When compared to the typical corporate office job, there aren’t too many downsides to being freelancer or business owner. You decide who you will work for and with, where you’ll work, and best of all, what kind of work you’ll do. For the self-employed, work is almost always a personal passion, which brings both challenges and satisfaction to an entirely new level.
But it’s not all a bed of roses. As Heidi Kerr-Schlaefer (former member of Cohere and current member of the Armory Workspace in Loveland) recently wrote on her company blog, there are “no sick days for the self-employed.” When the flu attacks the typical office worker, all they have to do is cash in a few paid sick days, and they can wallow in tissues and tea without worrying about how to pay the bills. When a freelancer gets sick, there are only two choices: work through the pain, or lose the money.
Well, we think that’s crap. The self-employed work just as hard, no, harder than the average cubicle dweller. Why should we suffer, financially and physically, just because there’s no HR department to dole out PTO? We deserve a day off now and then. We looked into it, and there is a way for freelancers to earn paid sick days. It takes some pre-planning and long-term goal-setting, as well as the ability to set a work schedule and stick to it, but the payoff is guilt-free rest and relaxation.
Four Simple steps to earning paid sick days via Andrea Ruiz/Yahoo!
1. Decide how much money you need to earn. This amount should be factored yearly. Use last year’s earnings as a guide.
2. Divide this amount by how many weeks out of the year that you want to work. Don’t get sick that often? Set aside a week. Got kids that love to bring home nasty viruses and spread them around the family? Two weeks. So, if you’re the family example, that would mean your goal annual earnings divided by 50 weeks of work.
3. Deduct any weekly unearned income you receive from this amount, such as child support, alimony or disability insurance, that you are counting toward your annual income goals.
4. Divide this amount by how many days per week you want to work. This is the amount of money you need to make every day in order to earn your target annual income and still afford yourself paid time off.
If you’re flexible about how much you want to earn, or don’t mind working six days a week, simply work this into the formula. And hey, there’s even a way to accrue vacation days as well! And if you’re having trouble with the sticking to a schedule part of this equation, that’s what we’re here for! Coworking instead of fighting off distractions at home or in a coffee shop will ensure that you meet your earning goals so when there’s a sickness or an urge to take off to Mexico, you’ve got the days set aside.
Image via mikecharliealpha/Flickr
The emotional component is so much more necessary to get right than the financial component.

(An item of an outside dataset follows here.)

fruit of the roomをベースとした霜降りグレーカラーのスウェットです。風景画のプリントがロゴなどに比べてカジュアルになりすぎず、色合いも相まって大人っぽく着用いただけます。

Most freelancers I know have a very difficult time taking time off when they could be saying “Yes” to a client or a new project. Many freelancers have also not built a “What Happens If I Get Sick” clause into their contracts. Having it in writing that you can take time off without losing your contract is really, really important.
As for Andrea Ruiz’s advice – it’s good, but if you operate with variable income and come in a bit low, what happens to your sick days? This all seems kinda quirky – I’m not sure I’d like to treat owning my own business like a 9-5. I bailed from the 9-5 world for the very reason that I *hated* the 9-5 world’s rigidity, non-sensical rules, and utter failure in work/life balance.

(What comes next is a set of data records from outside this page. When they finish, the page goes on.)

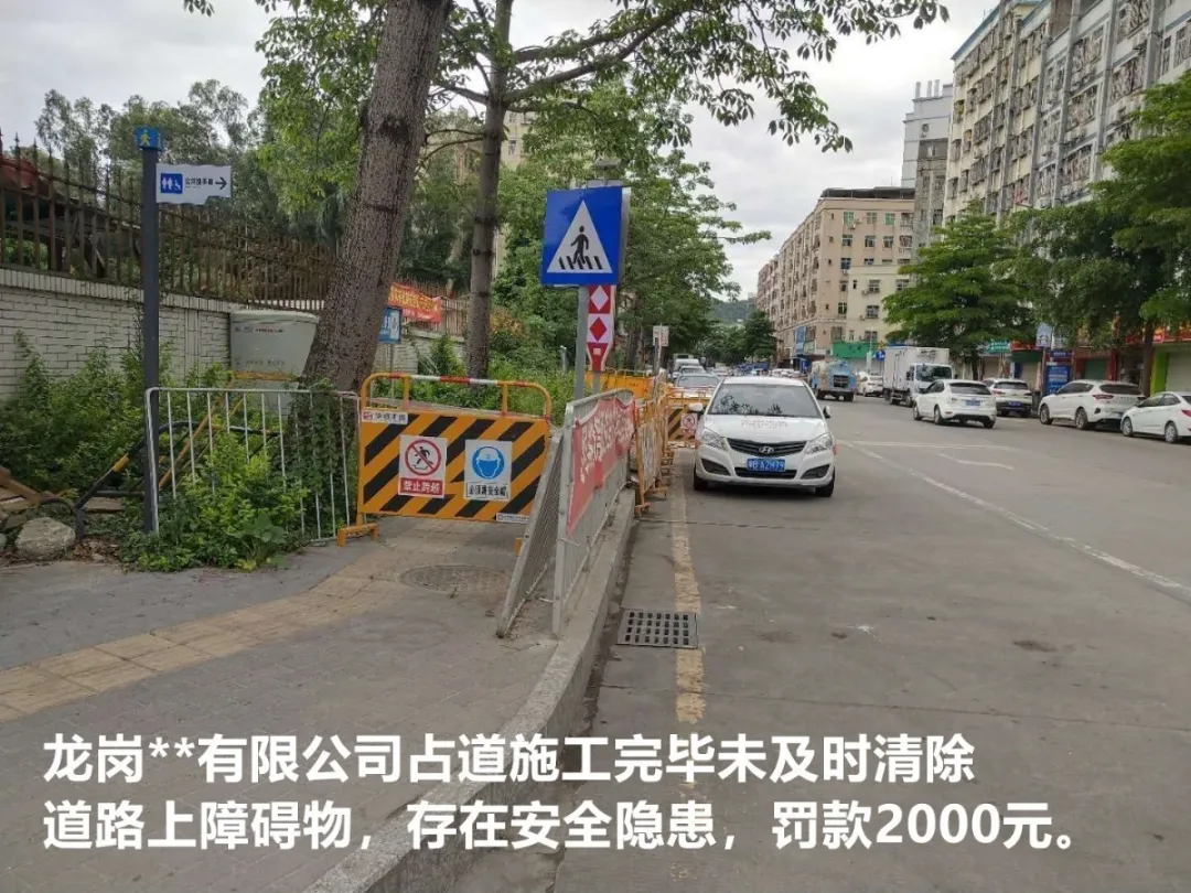 對(duì)該施工單位在橫坪連接線路段占道施工導(dǎo)致人行道不連貫、機(jī)非沖突,存在較大交通安全隱患的行為,龍崗交警依法處罰10000元并責(zé)令立即整改。
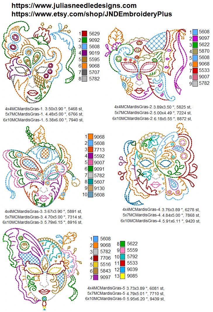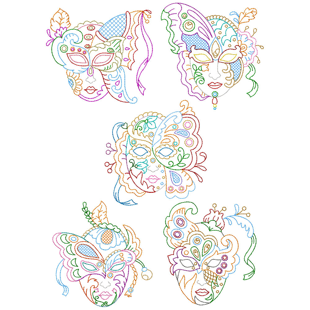 Gorgeous set of five colorful masks just in time and perfect for Mardi Gras.
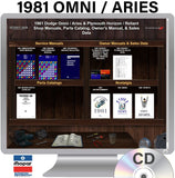 The 1981 Dodge Omni, Aries / Plymouth Horizon, Reliant Shop Manuals, Parts Book, Owner Manuals, & Sales Data on CD is a digital product published by Detroit Iron and licensed by Chrysler. This Detroit Iron digital product provides a full set of original equipment manufacturer (OEM) repair and rebuild literature in digital / PDF format. This set of manuals and literature were originally authored and published by the car / truck manufacturer to be used by their dealership mechanics so they are very comprehensive. It features an easy-to-use bookcase in a garage scene containing a set of PDF manuals, catalogs, brochures and nostalgia for a specific year, make and model range.
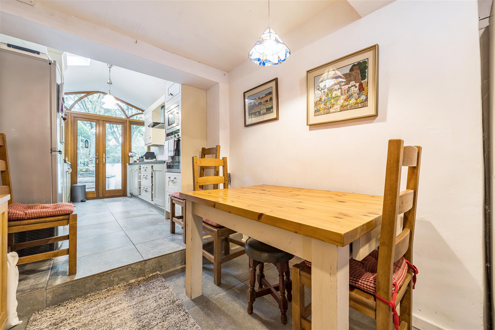 Useful understairs cupboard with attractive and discreet shelving to the side. Spotlighting. Ample space for dining table and grey tiled floor. Step up into the:
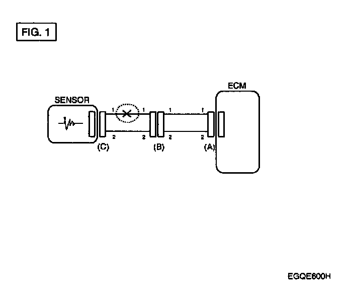 If an open circuit occurs (as seen in [FIG. 1]), it can be found by performing Step 2 (Continuity Check Method) or Step 3 (Voltage Check Method) as shown below.
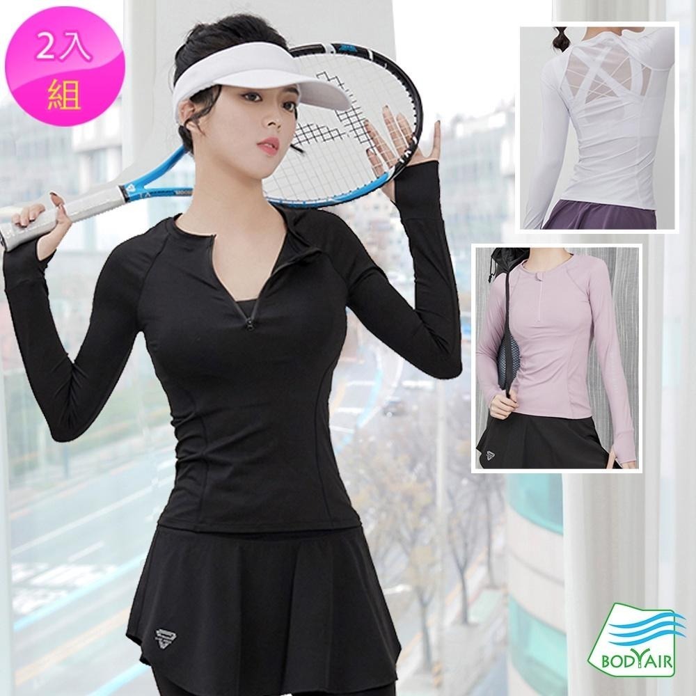 【BODYAIR】拉鍊領貼身小腰背紗長袖上衣 任2入(慢跑.運動.健身)
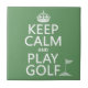 This is the traditional poster reworded to 'Keep Calm and Play Golf'. Excellent words to live by! There is a small flag next to the words. It's a popular design, loved by golfers and golf fans. Available on a wide range of products, it makes great gifts and giveaways for golf enthusiasts.
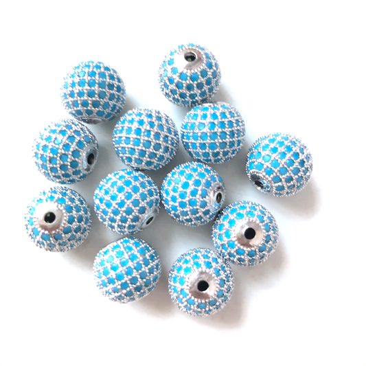 5/10/20pcs/lot 12mm Lake Blue CZ Paved Ball Beads Spacers
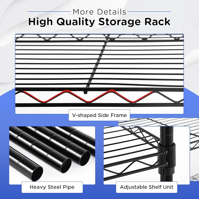 - Sturdy and Durable: This shelving unit is constructed from high-quality V-shaped steel wire for maximum durability and stability. The storage rack is rust-proof and scratch-resistant finish ensures the shelf stays in great condition over time. Our storage shelves are built to last, providing you with a long-lasting storage solution for any environment.
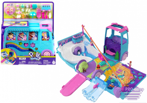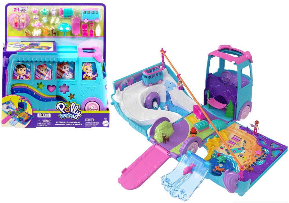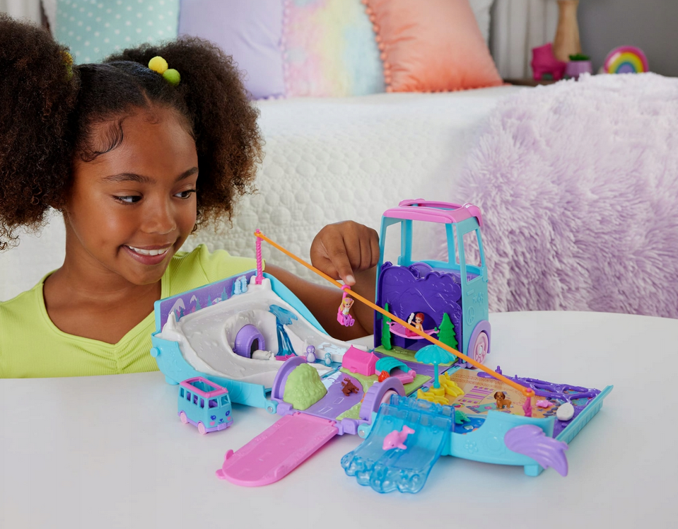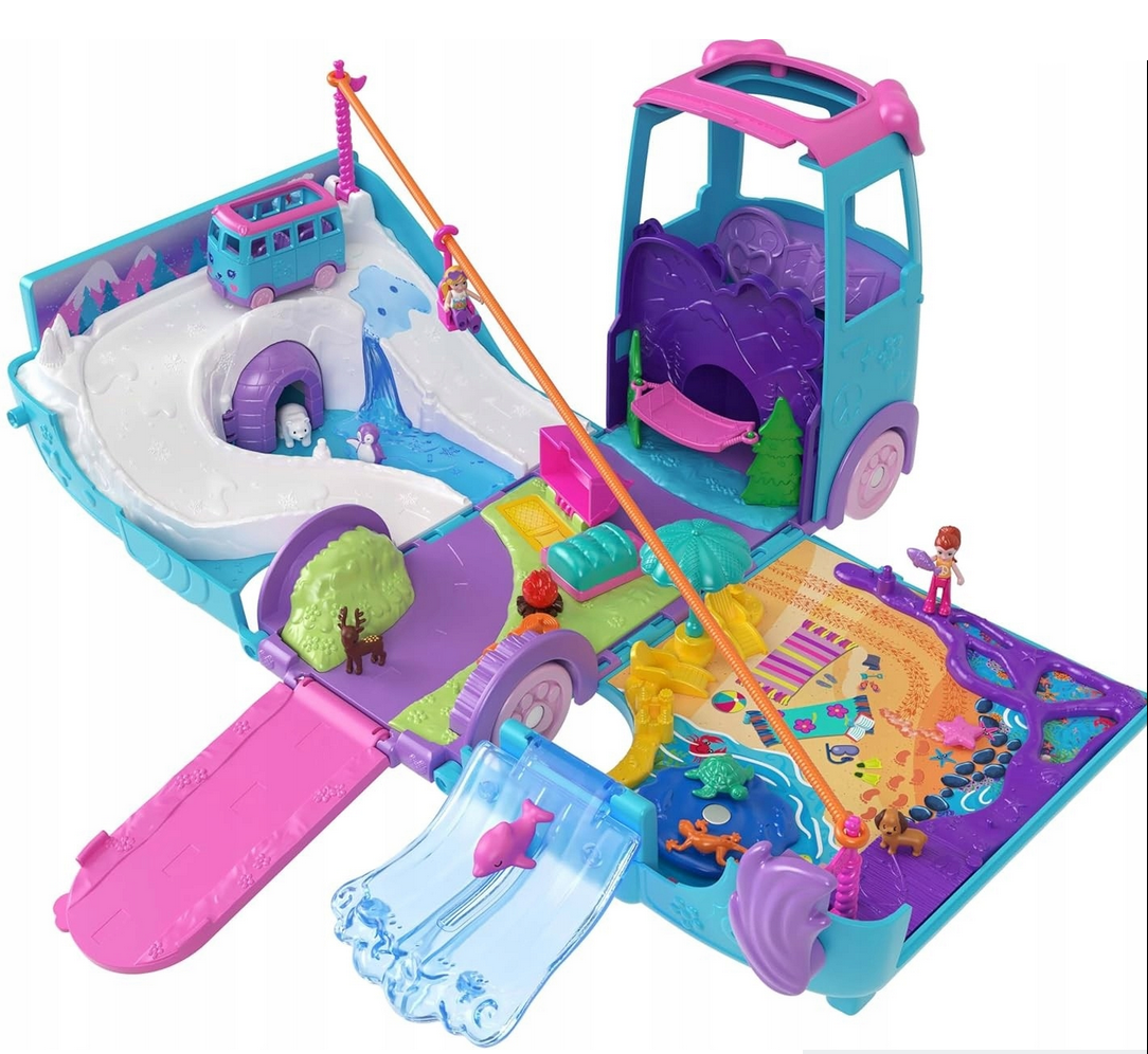 Polly Pocket Kamper Van Podróżny od Mattel to kompaktowy zestaw, który zamienia się w pełen przygód miniaturowy świat. Na pierwszy rzut oka to uroczy kolorowy kamper, ale po otwarciu odkrywasz rozbudowaną przestrzeń do zabawy inspirowaną podróżami i naturą.

Nick, I think it’s important that we not “villain-ize” 9-5. If we assume that everything a traditional business does is wrong then we open ourselves up to 9-5ers assuming that we as entrepreneurs are “doing everything wrong.” There is plenty to be learned and ignored from more traditional companies. If I may snark on you for a moment…I see you mentioned that you use a contract…how very 9-5 of you 😉
Like anything we recommend on this blog, file it away as a potential tool if you need it.
Angel
Angel – Snark away 😀
I’m not vilifying those who choose a 9-5 environment, but I *do* vilify the 9-5 system itself.

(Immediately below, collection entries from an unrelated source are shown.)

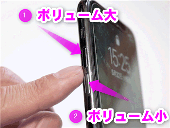 すぐに離し、今度はボリュームの下のボタンを押し、同じようにすぐに離します。
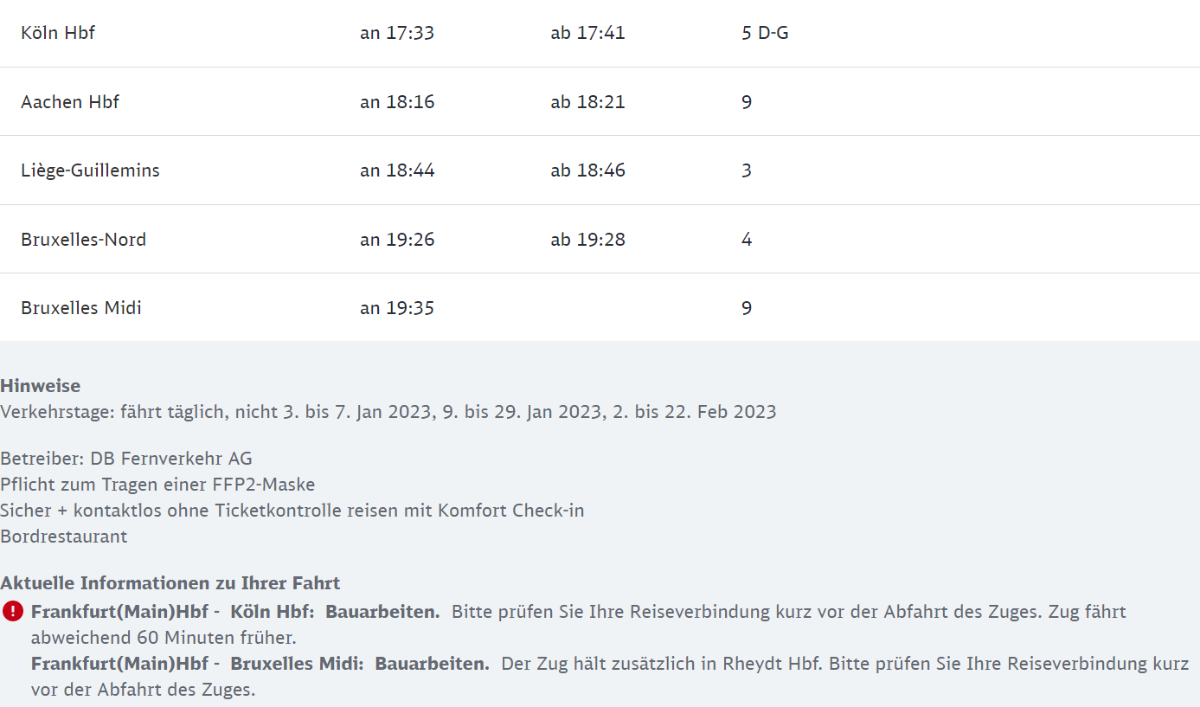 Die trein zal idd een uur vroeger vertrekken in Keulen, daar mag je met bijna 100% zekerheid vanuit gaan. Wanneer de effectieve dienstregeling in de planner verschijnt bij werken/omleidingen, is zeer variabel. Soms maanden, soms dagen op voorhand.ovspotter_be schreef: ↑18 dec 2022, 19:25 Weet iemand hoe lang op voorhand Deutsche Bahn hun dienstregeling aanpast bij werkzaamheden?
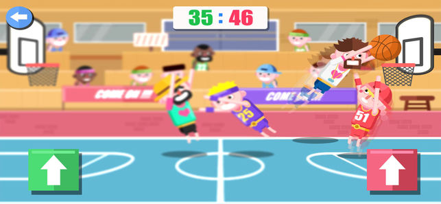 趣味双人篮球是一款幽默搞笑的篮球游戏,屏幕上的四个小人,为了争抢篮球而斗得不可开交。游戏的玩法非常简单,只需一键操作,就可以控制小人抢球,甚至会突然来一个帅气的大灌篮!而你的目标,就是想办法战胜对手的重重阻拦,率先拿下6分获得胜利。心动了吗?不要再犹豫,赶紧来一场精彩的较量,实现你的篮球大师梦!

It assumes a system of productivity which many freelancers just don’t fit into. When my most productive hours are 5-7AM and 1-3AM (depending on which day it is), I get punished in that system for otherwise brilliant performances. Additionally, 9-5 assumes I can spread my knowledge work out equally along an 8-hour period.
Is something wrong with a system like that? For me, hell yes. And if I treat my business like that, I’ve failed. There’s absolutely no reason for me to “grind” creativity or knowledge work (in the MMORPG sense) when it plain doesn’t work. If I’m making widgets, though…
9-5’ers don’t do everything wrong, it’s just a totally incompatible system to what I prefer… and many 9-5’ers can’t work inside of mine on the same token.
I suspect that many knowledge-based small businesses who have irregular client systems in place (maybe 25-30% of the freelancers out there) are going to have a hard time accruing sick/vacation days with the systems mentioned above because there’s fundamental systemic differences with how the businesses are structured.